Aug

2

 The question on Slabber lips after the smoke clears over daily events is, 'What happened to the body?'

In my case, an explanation is possible if you read about 'Prom Night 2019' where a man in a dress marched into my newlywed neighbor's camp, fired two shots, and the next morning there was one less neighbor, down to three. They could not call the cops having cursed and mooned them the previous night.

So, where is the body?

The following mourning the remaining neighbors built an extraordinary barricade across the entrance to my driveway. It was 30' wide, 4' high, and tiered with a layer of tires on rims across the bottom, a thick seam of their belongings including books, clothes and rubbish, and topped by a tucked-in tarp.

I let them build it out of fascination, as the camp bride broke for the Slab Trade Circle to sell the rest of their possessions for gas money, in anticipation…

A gray Ford Explorer drove up, and the silver Elder through the window told the remaining two, 'Get out!' and drove off. The pair tarried to put the finishing touches on the creation.

I arrived an hour later in a Slab Cab that nosed to the blockade. The Kentucky driver rolled down the window to demand, 'This man hired Slab Cab to take him home, and by god, Clear the drive!' The two males lobbed glass bottles into the air above the van breaking and raining hundreds of shards on the roof that wafted in the windows and made the cab smell like whiskey.
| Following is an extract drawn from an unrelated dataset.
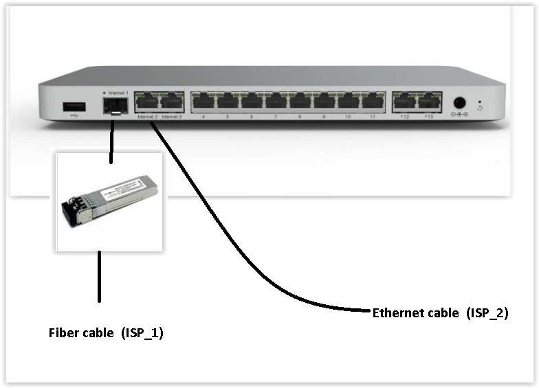Secondary ISP --> 200/5 MBPS line - will be connected to the MX via RJ45 cable -Port 2

The neighbor groom dropped his pants, mooned the Kentuckian, who, drunk in the vapor, pulled a pellet gun the size of a .45. The guy saw it between his legs and scampered with his pants around his ankles behind a bush.

We force drove around the barrier to my container and called 911. 'Yes, I recognize your voice,' droned the dispatcher. After an update, she replied, 'The same three deputies who were mooned there last Prom night are on the way.'

We pulled out to the Library and were intercepted on a hypotenuse by the two jogging men, one with a video camera, and the mooner who stepped in front of the van, dropped his pants again, and hissed, 'F___ me, like in Kentucky.' On not getting what he wanted, he rose and smashed the heel of his hand on the passenger mirror breaking it, as the camera rolled.

We shrugged, stepped out, and I stalked the cameraman, as my driver raised a sawed-off shovel handle to the mooner's head. They back-pedaled to an Ironwood and stood their ground. I still couldn't grab the camera as the holder interviewed us with entrapment questions. Instead, I latched the driver's great bicep to prevent the downswing of his old barroom bouncer move of hitting him on the head and stabbing him with the club as he fell. I dragged him foot by foot back to the Slab Cab, explaining to the camera, 'He wants to collect SSI for the rest of his life and moon you in prison.'

We drove a minute to the Library to wait for the police. Suddenly, the Kentuckian sniffed the air, glanced over his shoulder and yelled, 'I declare. The sky over your camp is full of black smoke.'

I redialed 911 but before I could open my mouth the dispatcher burst, 'Yes, it's been called in. the firetrucks are right behind the sheriffs!'

I walked and arrived as the firemen watered the dying embers. The chief told me, 'This was a planned hot fire. The bottom tier of tires ensured a high temperature. Is there anything else you want to tell me?'

'Nope,' I replied, walking twenty yards to my ash and glass coated camp. I had just completed a fire science class: A normal fire reaches about 1300F; a human body reduces to ashes at 1700F; and tire rims raise the temperature to 2400F.

The next morning, I sifted the ashes for two bullet heads and can't report that I found them. The black scar remains across the drive that visitors call a funeral tyre and toss on change. The newlyweds fled to Arizona where they broadcast Youtube live handcuffed in the holding tank of a jail in a fundraiser for bail.

The rest of the story is up in smoke.